BBC News remains the most trusted news source in the UK.
But if some members of the board believe the BBC suffers from systemic bias and others do not, where does this end?
The Shah “inherited a divided house, but this board is dissolving, which is very sad,” a senior TV executive told me. They added: “This is a matter of leadership.”
When I interviewed him after the resignations of Davie and Turness, Shah said the board “has a diversity of views, as does the public, as does the country… I want robust conversations, I want debate.”
However, Banerji claimed that she was not consulted about the events that led to these separations.
If true, this will fuel the narrative in some circles that what happened was a coup by some members of the board.
Liberal Democrats leader Sir Ed Davey has called on the government to remove former BBC executive and Theresa May’s former Downing Street communications director Sir Robbie Gibb from the board.
The Shah told me that the idea of a coup was “imaginary.” “It is unfair and disrespectful to tell board members that just because they feel strongly about something, it somehow relates to their background,” he added.
But Sir Craig Oliver, former editor of the BBC’s Six o’clock and Ten o’clock News and later Number 10’s communications director under David Cameron, told BBC Radio 4’s Today programme: “The stakes were already high for Samir Shah and they’ve just gotten higher.”
“All eyes will be on Samir Shah on Monday,” he added.
“The questions I really think need answers are: Is it true that you chaired a BBC meeting many months ago where the Panorama issue was on the table and decided to take no action? If so, why didn’t you take action then – especially after what you’ve said now?”
“And I think the next question he’ll really face is this: When Michael Prescott’s report was leaked to the Telegraph, why did you preside over the BBC not coming out for so long, especially when the executive wanted to come out and cauterize the problem as cleanly as possible?”
Over the past few days, before Banerji’s resignation, I spoke to people inside and outside the BBC who told me Shah would remain chairman, whatever his perceived shortcomings. As one person told me, “You can’t get the CEO, News CEO and president to resign.”
Would Banerji’s resignation change her ability to continue in office?

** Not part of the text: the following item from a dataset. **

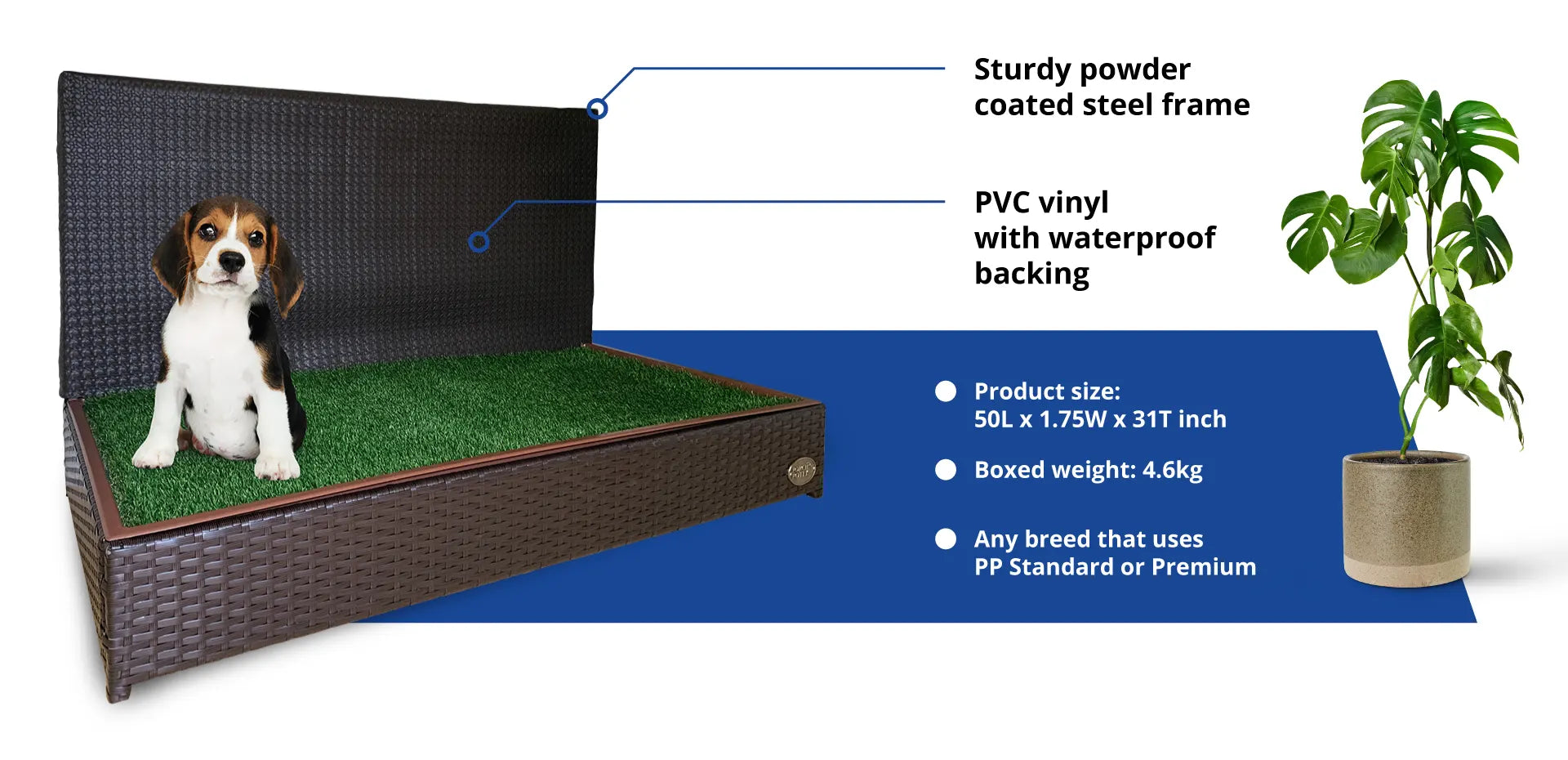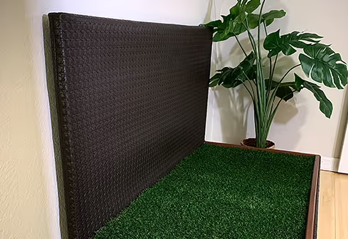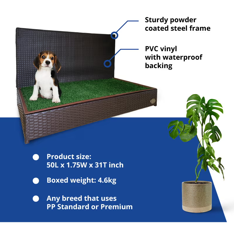 The Pee Pee Panel acts as a shield to protect furniture from pee splashes if your dog lifts its leg and the pee goes over the Porch Potty. The Pee Pee Panel is also beneficial for outdoor balconies to prevent pee from going through the gated balcony area. Or, the panel can be added if your dog needs more privacy while doing their business.

This certainly makes it all the more critical that Shah will appear before the Culture Media and Sport Committee on Monday alongside board members Sir Robbie Gibb and Caroline Thomson.
MPs on that committee expressed reservations about his suitability for the post when he was appointed chairman last year.
He will need to show MPs, the industry, BBC audiences and corporate staff who will be watching that he has the capabilities and support needed to steer the BBC through these turbulent times.